Andrus is becoming a favorite of Texas fans, who have grown accustomed to the public-address system playing "All Shook Up" when he cranks out another base hit. In answer to the obvious question, Andrus was not named after Elvis Presley. His late father, Emilio, and his mother, Elvia, named their daughter Emily and their three sons Erikson, Erold and Elvis. Maybe it's bad karma for a shortstop to be so indelibly linked to the letter "E," but the name is now part and parcel of Andrus' professional identity.
Before Andrus takes the field in the first inning of each game, he scrawls his father's name in the dirt in tribute. He has found a surrogate father in Texas in the person of manager Ron Washington, who -- when he was a coach in Oakland -- was a mentor to Miguel Tejada and Eric Chavez and is now applying that same brand of tough love to Andrus.
"Wash won't let Elvis get away with anything," one Rangers official said. "It's like a father-son thing. It's pretty funny to watch."
There's no communication gap in this relationship. In his first two professional seasons, Andrus' grasp of the English language consisted of the words "hey" and "bye." Then he joined Myrtle Beach in the Class A Carolina League and willed himself to become fluent in English. Andrus developed a fondness for country music, and he has beefed up his vocabulary with help from his new friends Toby Keith and Rascal Flatts.
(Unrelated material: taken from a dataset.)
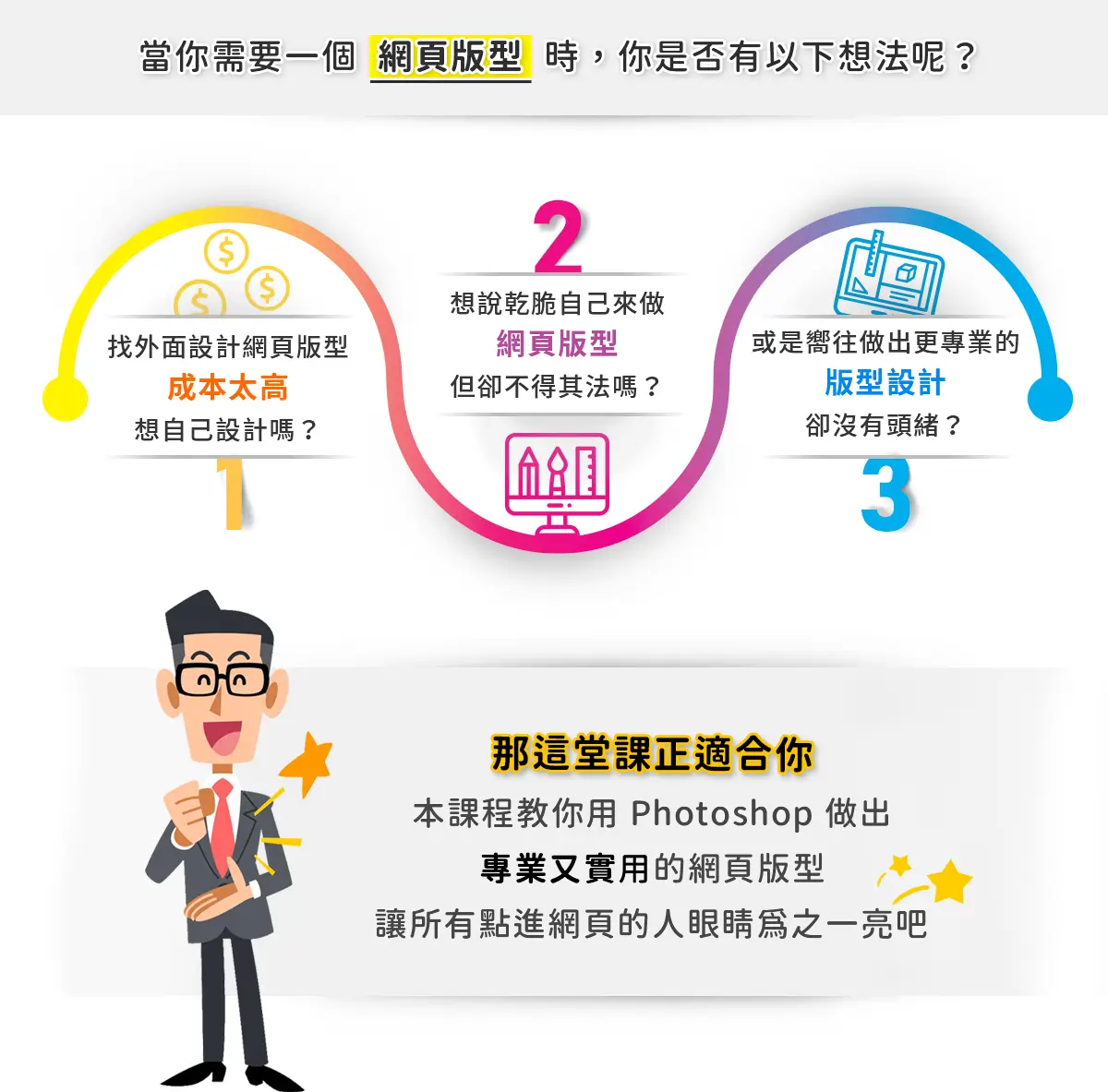 所以,本課程規劃教學上手簡單,不需寫程式就能做出網頁版型的方法,透過各案例的拆解動作,讓初踏入網頁設計的人不僅能掌握設計觀念與規則,更進一步提升 Photoshop 軟體的操作實力。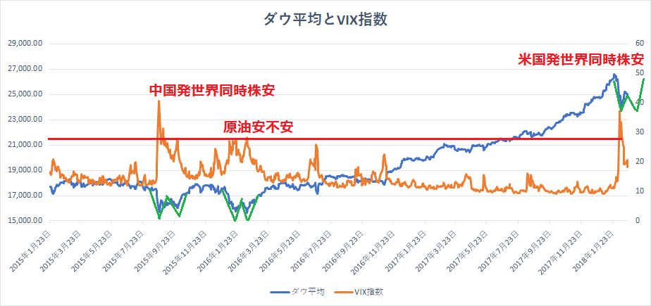 また、過去を振り返ると機関投資家の予想通り、株は再び売られる可能性が高いです。【ダウ平均とVIX指数:2015ー2018】

"It's the perfect music you can understand," Andrus said. "If I listen to hip-hop, that's too fast for me."
Although Andrus' teammates love him for his enthusiasm and gregarious nature, they're not entirely sold on his motives.
"I don't think Elvis really likes country music," Kinsler said. "I think the only reason he listens to it is for the American girls."
As we said earlier, the kid is always on the lookout for an opening.